И она, жаждущая судить, а не быть под судом, вынуждена отступить и признать себя виновной на суде индивида, ибо он, и только он способен различить за универсальными суждениями Истории оскорбление униженного.
Эта кажущаяся невидимой фальшь Истории, ее утверждающее насилие, ощущается за каждым ее словом и напрашивается на предъявление ей иска.
Бесконечное, по ту сторону, позволяет сразу понять друг друга, когда мы произносим слово – «Бог».
Все тотальное не смешивается с этим словом, как эссенция с водой.
Это пароль ненасилия, а значит, надежды – на языке униженных. В лагерях. На грани смерти.
И надежда эта выражена в Бесконечном мессианской эсхатологией. Это – чисто иудейское изобретение, возникшее на горьком опыте периодических уничтожений.
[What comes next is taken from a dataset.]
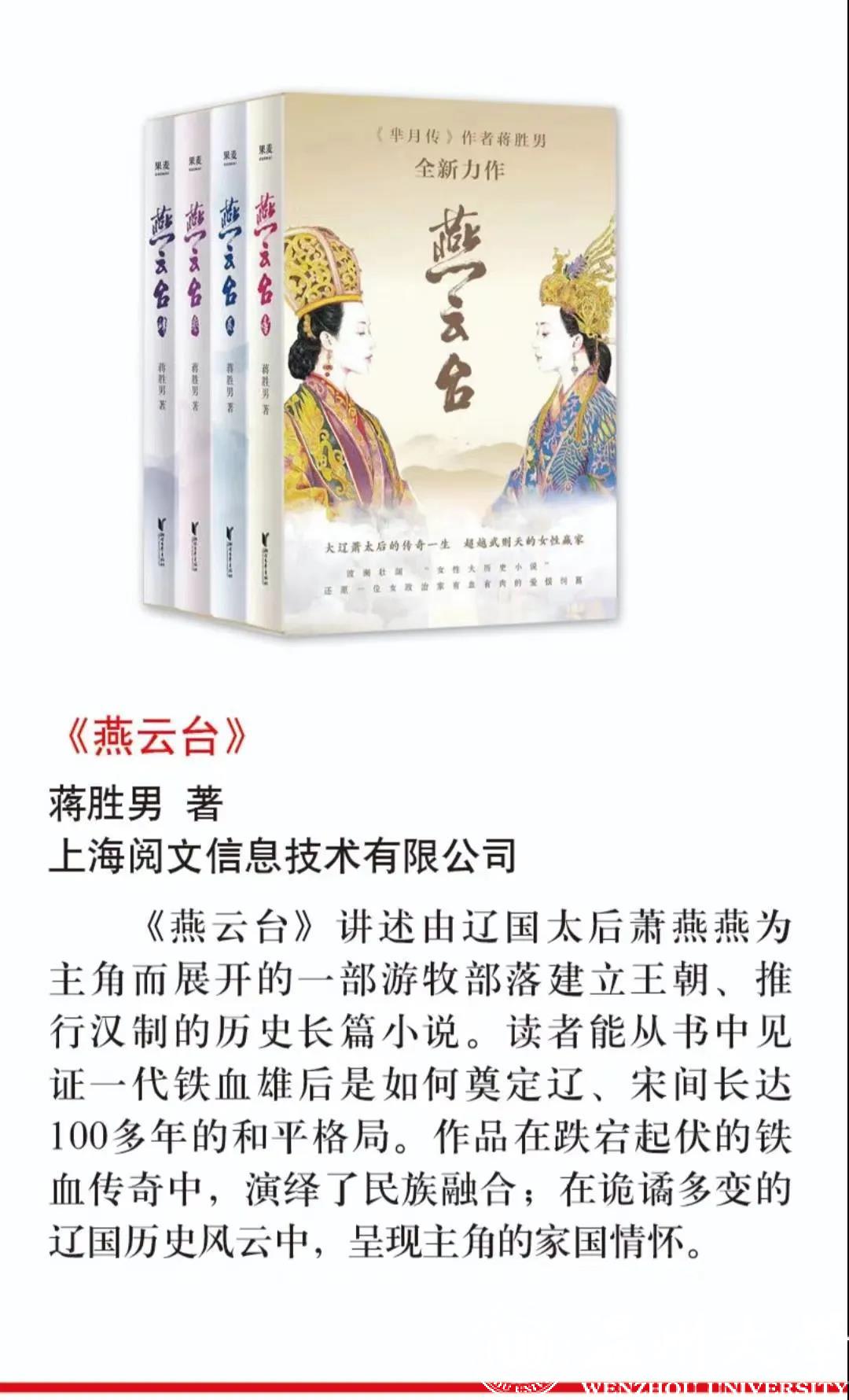4月23日,在“2019年度中国好书”的评选中,由少妇白洁 蒋胜男研究员所著、浙江文艺出版社出版的《燕云台》荣膺网络文学类“2019年度中国好书”荣誉。

Эсхатология не ищет подтверждения в священных текстах, а обращается к «голому» опыту – как у края рва перед расстрелом или у двери в газовую камеру, именуемую «баней».
В начале 60-х, в разгар холодной войны, Левинас пишет в «Тотальности и Бесконечном», что «эсхатология мессианского мира одержит верх над онтологией войны... Эсхатологическое, как пребывающее «по ту сторону» Истории, вырывает людей из подчиненности Истории и будущему – оно призывает, побуждает к полноте ответственности. Подвергая суду Историю в целом, будучи само внешним по отношению к войнам, указывающим на конец Истории, оно в каждое мгновение восстанавливает свое полное значение... Здесь важен не окончательный суд, а суд обо всех мгновениях времени, когда выносят приговор живущим...»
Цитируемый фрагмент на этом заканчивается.